#### Task to carry out:
Nothing but the lines from the one with "The Stadium Place" through the end of the listing should be reproduced, each exactly and with pictures omitted.

Supplied data section start

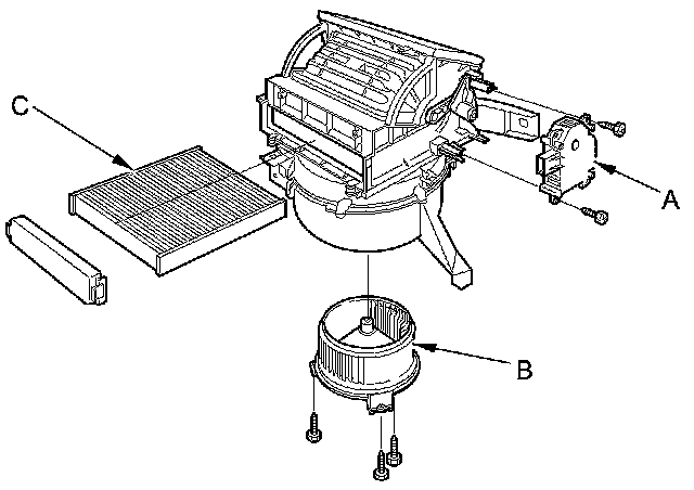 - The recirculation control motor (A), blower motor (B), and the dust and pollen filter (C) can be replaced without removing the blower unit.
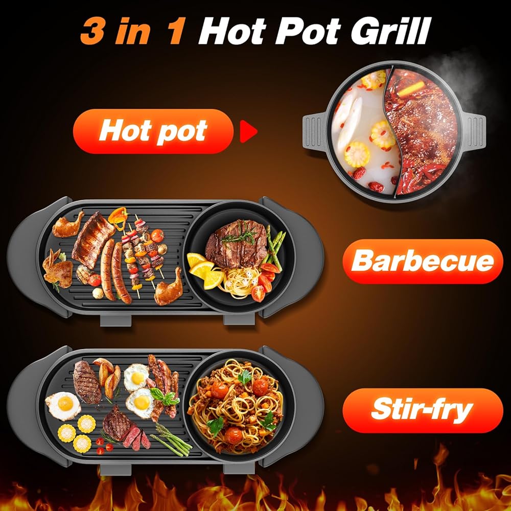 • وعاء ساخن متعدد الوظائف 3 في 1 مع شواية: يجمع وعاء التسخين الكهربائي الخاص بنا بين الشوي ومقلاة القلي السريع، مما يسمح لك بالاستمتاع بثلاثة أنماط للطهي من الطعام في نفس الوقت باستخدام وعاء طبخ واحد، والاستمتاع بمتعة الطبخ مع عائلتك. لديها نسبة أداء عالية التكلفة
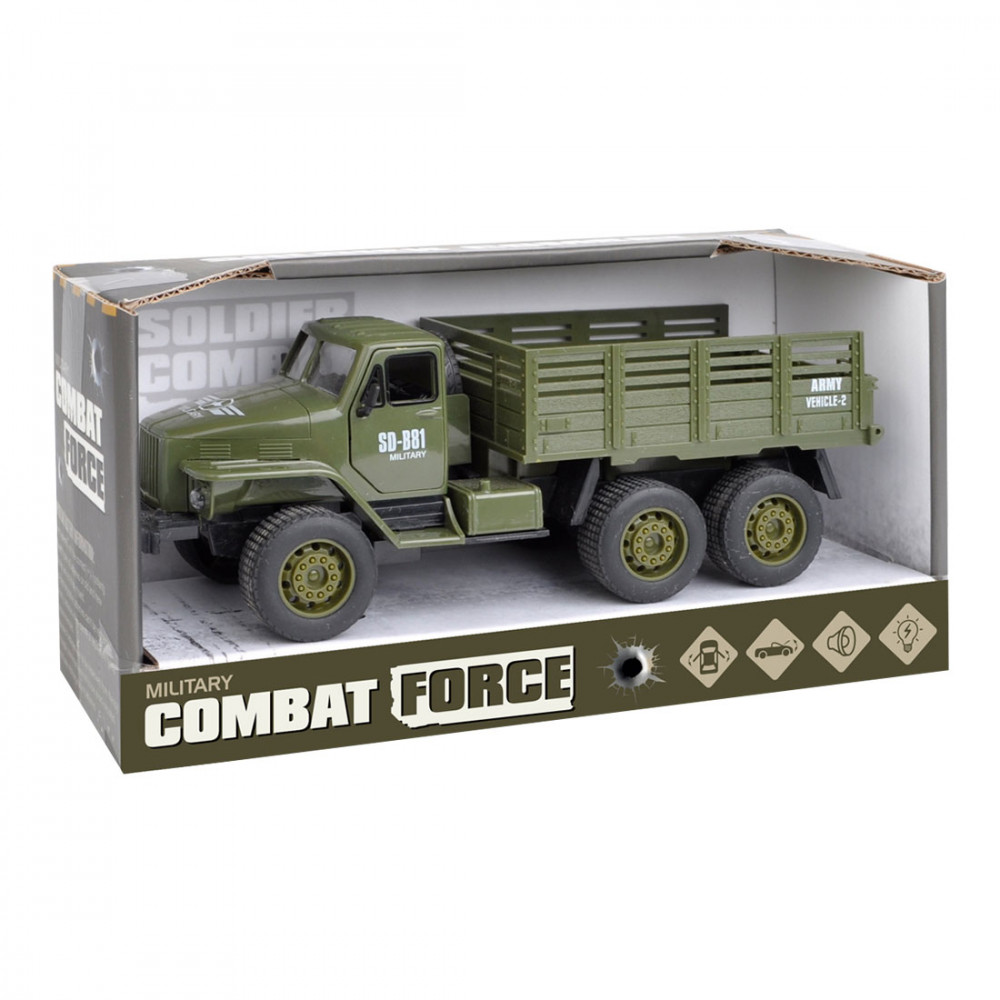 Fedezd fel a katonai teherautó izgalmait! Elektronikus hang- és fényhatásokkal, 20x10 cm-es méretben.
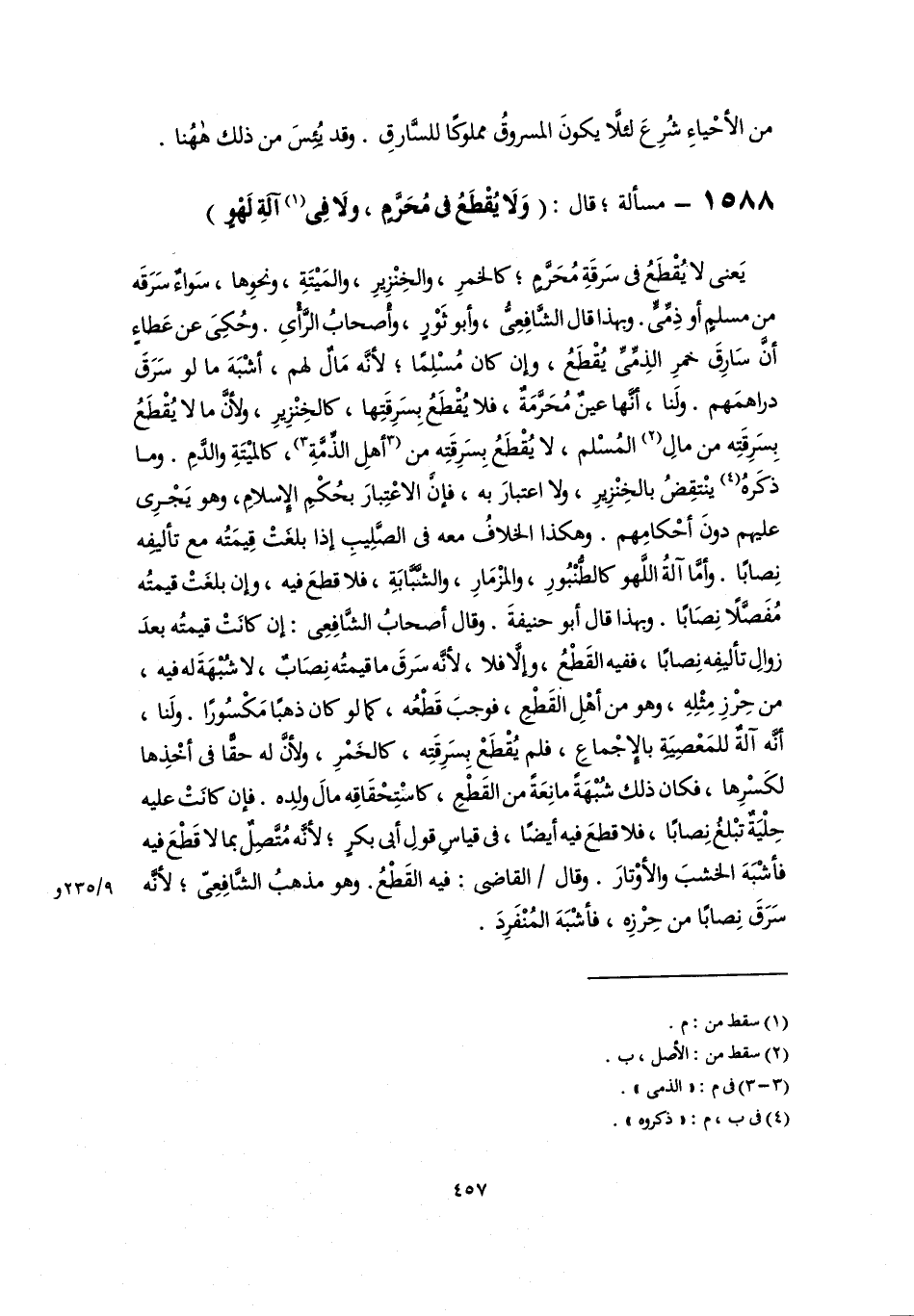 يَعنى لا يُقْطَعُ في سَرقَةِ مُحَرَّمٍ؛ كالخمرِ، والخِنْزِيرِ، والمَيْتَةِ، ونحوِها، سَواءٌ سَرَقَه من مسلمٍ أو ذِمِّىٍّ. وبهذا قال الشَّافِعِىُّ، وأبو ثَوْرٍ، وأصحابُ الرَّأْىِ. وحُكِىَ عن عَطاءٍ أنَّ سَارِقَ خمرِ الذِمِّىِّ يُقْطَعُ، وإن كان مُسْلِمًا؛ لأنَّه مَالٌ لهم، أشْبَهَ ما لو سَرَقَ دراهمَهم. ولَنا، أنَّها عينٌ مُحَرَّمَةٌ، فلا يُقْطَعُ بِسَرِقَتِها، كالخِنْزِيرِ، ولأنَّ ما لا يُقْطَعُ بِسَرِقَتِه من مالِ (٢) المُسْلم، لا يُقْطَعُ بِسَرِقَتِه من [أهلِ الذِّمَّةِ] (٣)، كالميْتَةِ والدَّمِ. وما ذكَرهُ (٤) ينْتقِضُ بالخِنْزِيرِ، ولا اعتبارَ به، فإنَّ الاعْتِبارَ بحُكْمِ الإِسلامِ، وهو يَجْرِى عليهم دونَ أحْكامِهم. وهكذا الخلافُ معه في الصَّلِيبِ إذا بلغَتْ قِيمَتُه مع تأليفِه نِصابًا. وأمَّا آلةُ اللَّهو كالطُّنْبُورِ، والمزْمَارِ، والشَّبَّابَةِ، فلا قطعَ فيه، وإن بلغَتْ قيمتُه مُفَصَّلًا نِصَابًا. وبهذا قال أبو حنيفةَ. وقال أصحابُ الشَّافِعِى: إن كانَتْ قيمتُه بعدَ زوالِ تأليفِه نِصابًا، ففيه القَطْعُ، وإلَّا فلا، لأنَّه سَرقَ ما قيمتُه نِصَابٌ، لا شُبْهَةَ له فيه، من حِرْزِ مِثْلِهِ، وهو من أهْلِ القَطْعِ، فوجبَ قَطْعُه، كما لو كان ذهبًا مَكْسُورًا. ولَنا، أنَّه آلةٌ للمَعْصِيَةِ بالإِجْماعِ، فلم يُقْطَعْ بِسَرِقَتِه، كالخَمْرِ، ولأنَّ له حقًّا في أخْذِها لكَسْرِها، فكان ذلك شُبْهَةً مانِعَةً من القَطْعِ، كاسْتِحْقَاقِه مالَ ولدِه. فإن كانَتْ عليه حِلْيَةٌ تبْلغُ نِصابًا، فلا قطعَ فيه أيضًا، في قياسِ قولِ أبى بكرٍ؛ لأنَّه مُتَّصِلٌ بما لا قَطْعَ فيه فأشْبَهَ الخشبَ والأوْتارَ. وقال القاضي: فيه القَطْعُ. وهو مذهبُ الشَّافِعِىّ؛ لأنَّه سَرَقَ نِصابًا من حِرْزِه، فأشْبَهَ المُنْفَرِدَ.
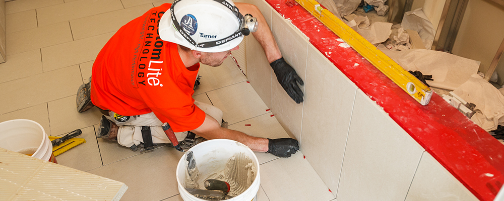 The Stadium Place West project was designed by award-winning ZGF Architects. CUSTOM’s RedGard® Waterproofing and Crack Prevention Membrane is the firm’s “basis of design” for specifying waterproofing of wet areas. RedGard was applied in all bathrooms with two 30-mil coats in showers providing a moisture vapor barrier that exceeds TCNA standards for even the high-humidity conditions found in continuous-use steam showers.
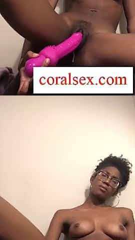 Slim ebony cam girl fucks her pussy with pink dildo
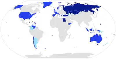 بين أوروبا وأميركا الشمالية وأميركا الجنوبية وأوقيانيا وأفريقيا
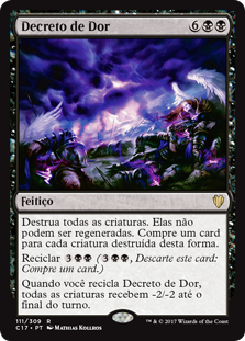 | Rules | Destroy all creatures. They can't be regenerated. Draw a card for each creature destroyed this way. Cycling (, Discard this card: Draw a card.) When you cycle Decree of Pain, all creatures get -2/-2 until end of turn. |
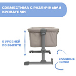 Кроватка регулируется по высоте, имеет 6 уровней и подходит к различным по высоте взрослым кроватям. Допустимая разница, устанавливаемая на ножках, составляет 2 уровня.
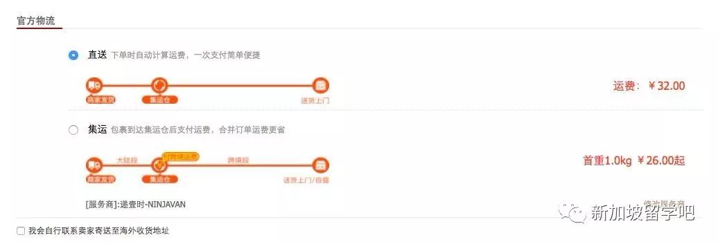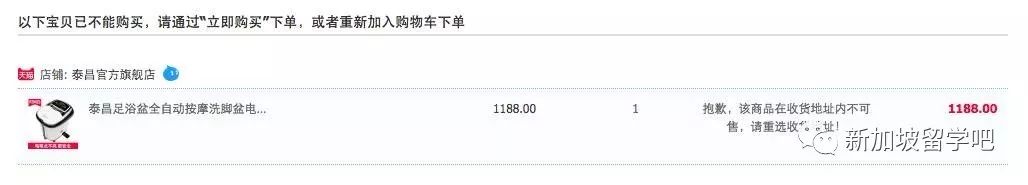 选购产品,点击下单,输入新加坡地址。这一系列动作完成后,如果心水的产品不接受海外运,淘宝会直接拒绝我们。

Supplied data section end

#### Solution to this exercise:
 The Stadium Place West project was designed by award-winning ZGF Architects. CUSTOM’s RedGard® Waterproofing and Crack Prevention Membrane is the firm’s “basis of design” for specifying waterproofing of wet areas. RedGard was applied in all bathrooms with two 30-mil coats in showers providing a moisture vapor barrier that exceeds TCNA standards for even the high-humidity conditions found in continuous-use steam showers.
 Slim ebony cam girl fucks her pussy with pink dildo
 بين أوروبا وأميركا الشمالية وأميركا الجنوبية وأوقيانيا وأفريقيا
 | Rules | Destroy all creatures. They can't be regenerated. Draw a card for each creature destroyed this way. Cycling (, Discard this card: Draw a card.) When you cycle Decree of Pain, all creatures get -2/-2 until end of turn. |
 Кроватка регулируется по высоте, имеет 6 уровней и подходит к различным по высоте взрослым кроватям. Допустимая разница, устанавливаемая на ножках, составляет 2 уровня.
 选购产品,点击下单,输入新加坡地址。这一系列动作完成后,如果心水的产品不接受海外运,淘宝会直接拒绝我们。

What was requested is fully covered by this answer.